======== DATA IN THIS EXERCISE
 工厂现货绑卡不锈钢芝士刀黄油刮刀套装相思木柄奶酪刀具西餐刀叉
================
======== DATA IN THIS EXERCISE
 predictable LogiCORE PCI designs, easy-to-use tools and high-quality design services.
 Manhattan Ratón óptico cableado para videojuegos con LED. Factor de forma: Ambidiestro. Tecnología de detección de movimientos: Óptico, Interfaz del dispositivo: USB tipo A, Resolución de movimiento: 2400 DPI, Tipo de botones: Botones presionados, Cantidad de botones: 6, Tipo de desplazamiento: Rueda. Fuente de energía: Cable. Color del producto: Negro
================
An exact, complete copy of the lines above from the one with "predictable LogiCORE PCI" through the one with "Manhattan Ratón óptico" is the whole answer.

 predictable LogiCORE PCI designs, easy-to-use tools and high-quality design services.
 Manhattan Ratón óptico cableado para videojuegos con LED. Factor de forma: Ambidiestro. Tecnología de detección de movimientos: Óptico, Interfaz del dispositivo: USB tipo A, Resolución de movimiento: 2400 DPI, Tipo de botones: Botones presionados, Cantidad de botones: 6, Tipo de desplazamiento: Rueda. Fuente de energía: Cable. Color del producto: Negro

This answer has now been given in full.